━━ RECORDS TO USE

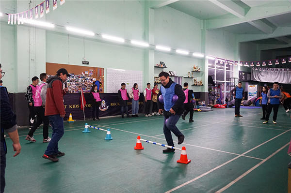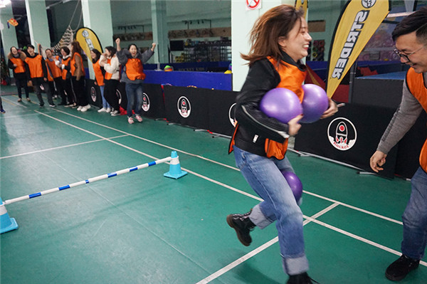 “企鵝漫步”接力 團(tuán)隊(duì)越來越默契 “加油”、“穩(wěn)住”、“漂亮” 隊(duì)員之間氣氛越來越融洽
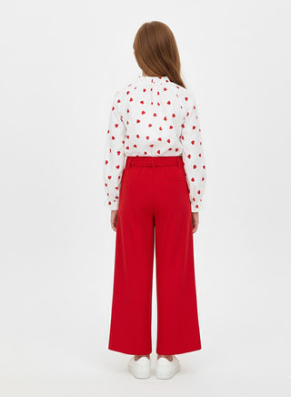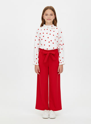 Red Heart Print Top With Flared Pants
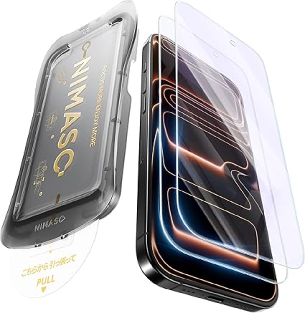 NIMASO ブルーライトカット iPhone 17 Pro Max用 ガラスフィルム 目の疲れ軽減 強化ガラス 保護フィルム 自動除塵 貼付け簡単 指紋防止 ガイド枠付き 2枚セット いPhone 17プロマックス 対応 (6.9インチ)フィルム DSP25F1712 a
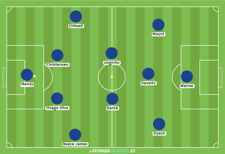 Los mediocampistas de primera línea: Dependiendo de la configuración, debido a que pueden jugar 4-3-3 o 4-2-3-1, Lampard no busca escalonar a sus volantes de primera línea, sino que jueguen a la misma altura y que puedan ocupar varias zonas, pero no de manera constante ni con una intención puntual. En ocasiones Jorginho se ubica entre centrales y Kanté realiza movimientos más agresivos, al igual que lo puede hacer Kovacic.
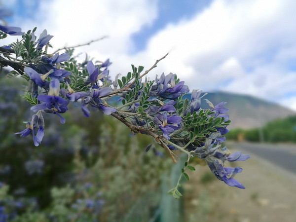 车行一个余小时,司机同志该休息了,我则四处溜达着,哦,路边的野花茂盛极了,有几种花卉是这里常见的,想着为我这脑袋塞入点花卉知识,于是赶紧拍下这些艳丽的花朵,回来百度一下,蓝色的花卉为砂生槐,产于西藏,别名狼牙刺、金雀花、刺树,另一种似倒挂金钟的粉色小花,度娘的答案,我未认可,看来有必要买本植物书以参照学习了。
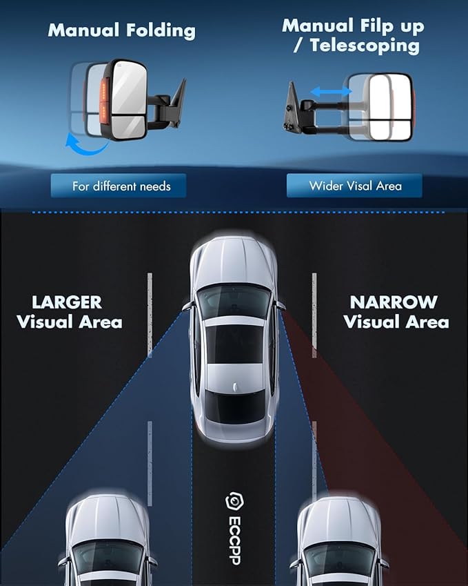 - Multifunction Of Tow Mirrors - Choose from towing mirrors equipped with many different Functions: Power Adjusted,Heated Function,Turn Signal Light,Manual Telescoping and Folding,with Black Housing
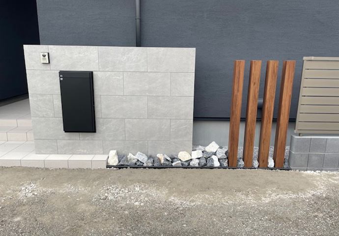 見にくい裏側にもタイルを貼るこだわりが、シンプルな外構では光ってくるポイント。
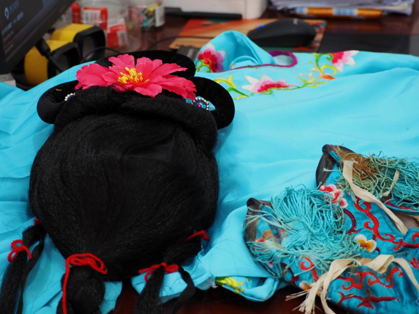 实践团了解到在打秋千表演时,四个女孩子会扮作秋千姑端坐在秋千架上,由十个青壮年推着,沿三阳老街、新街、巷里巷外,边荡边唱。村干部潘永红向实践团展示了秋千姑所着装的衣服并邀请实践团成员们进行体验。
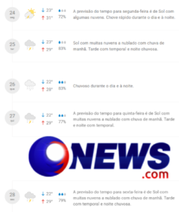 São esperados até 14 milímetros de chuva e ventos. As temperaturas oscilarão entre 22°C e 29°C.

━━━━

### [TRY IT]
All of the data must be given again exactly, without the pictures.

### [RESPONSE]
 “企鵝漫步”接力 團(tuán)隊(duì)越來越默契 “加油”、“穩(wěn)住”、“漂亮” 隊(duì)員之間氣氛越來越融洽
 Red Heart Print Top With Flared Pants
 NIMASO ブルーライトカット iPhone 17 Pro Max用 ガラスフィルム 目の疲れ軽減 強化ガラス 保護フィルム 自動除塵 貼付け簡単 指紋防止 ガイド枠付き 2枚セット いPhone 17プロマックス 対応 (6.9インチ)フィルム DSP25F1712 a
 Los mediocampistas de primera línea: Dependiendo de la configuración, debido a que pueden jugar 4-3-3 o 4-2-3-1, Lampard no busca escalonar a sus volantes de primera línea, sino que jueguen a la misma altura y que puedan ocupar varias zonas, pero no de manera constante ni con una intención puntual. En ocasiones Jorginho se ubica entre centrales y Kanté realiza movimientos más agresivos, al igual que lo puede hacer Kovacic.
 车行一个余小时,司机同志该休息了,我则四处溜达着,哦,路边的野花茂盛极了,有几种花卉是这里常见的,想着为我这脑袋塞入点花卉知识,于是赶紧拍下这些艳丽的花朵,回来百度一下,蓝色的花卉为砂生槐,产于西藏,别名狼牙刺、金雀花、刺树,另一种似倒挂金钟的粉色小花,度娘的答案,我未认可,看来有必要买本植物书以参照学习了。
 - Multifunction Of Tow Mirrors - Choose from towing mirrors equipped with many different Functions: Power Adjusted,Heated Function,Turn Signal Light,Manual Telescoping and Folding,with Black Housing
 見にくい裏側にもタイルを貼るこだわりが、シンプルな外構では光ってくるポイント。
 实践团了解到在打秋千表演时,四个女孩子会扮作秋千姑端坐在秋千架上,由十个青壮年推着,沿三阳老街、新街、巷里巷外,边荡边唱。村干部潘永红向实践团展示了秋千姑所着装的衣服并邀请实践团成员们进行体验。
 São esperados até 14 milímetros de chuva e ventos. As temperaturas oscilarão entre 22°C e 29°C.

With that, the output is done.